Binga insisted the killings had been committed by a man named "Flowers."

"(He) had wanted to marry Hattie Fisher," she told The News. "My brother and his wife both objected, and John drove him away from the house at two different times and forbade his coming again. Flowers was heard to say later, by two persons, that he would have the girl if he had to kill the whole lot of them.”

The News wrote: "The faithful old lady feels she cannot die and leave John in prison to die. ‘My brother,’ she says, ‘is a Christian suffering unjustly, but as a prisoner and with wounds received in the service of his country.”'

On Dec. 23, 1897, less than three months after the interview, Binga died in Saginaw.

Innocent or guilty?

As the 19th Century waned, so did Thomas’ chances of getting out of prison alive, although there were a few close calls.

The News reported on Feb. 6, 1897 that Thomas had barely missed the chance to present his case to Michigan Gov. Hazen Pingree.

"One of the arguments that is being made to Gov. Pingree is the old age of Thomas,” The News said. “The governor had intended to have a talk with him when he called at the prison to see (another inmate), but he didn’t have time ... Thomas is said to have been an exemplary prisoner ... he draws $12 a month pension for wounds received as a soldier."

Pingree never heard Thomas' case.

On May 31, 1899, Thomas died in the prison hospital after suffering a stroke a month earlier.
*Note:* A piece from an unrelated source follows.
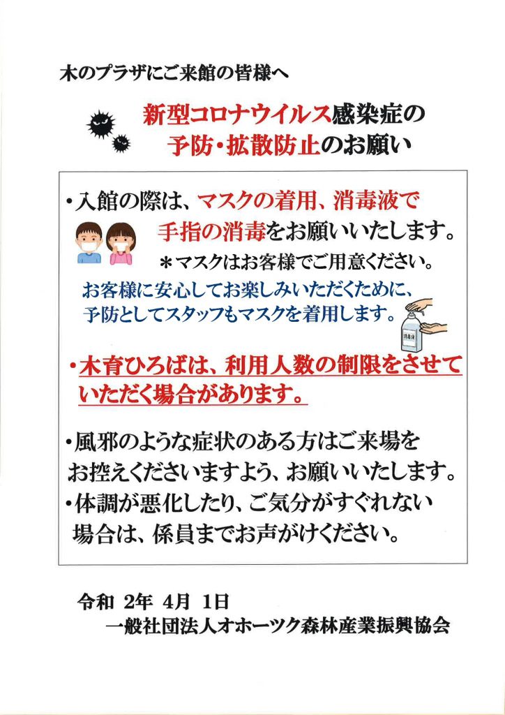 現在、オホーツク総合振興局管内では、一定程度、新型コロナウイルスの感染拡大が抑えられている状況にあることより、 4月1日(水)から感染防止策を講じた上で、オホーツク木のプラザも開館いたします。

He was 85.

Did Thomas commit a crime that was, according to The News in 1895, “one of the most brutal murders in the criminal annals of Detroit?" Was he innocent as he and his supporters claimed?

Was the circumstantial evidence enough to prove Thomas' guilt? Were his attorneys given enough time to prepare a defense? Was the jury influenced by the angry mobs that threatened to riot if Thomas was acquitted?

The answers can't be found in The Detroit News archives.

But independent of the Toledo native's guilt or innocence, on Dec. 12, 2012, Thomas was formally acknowledged for his Civil War service, when the Ohio General Assembly voted to posthumously venerate the 511 African American Ohioans who had volunteered for the 54th and 55th “Colored” Regiments of Massachusetts.

“The soldiers of the 54th Regiment of the Massachusetts Volunteer Infantry served with honor,” the resolution said. “These 511 Ohio soldiers have not been recognized for their contribution to the Union cause.”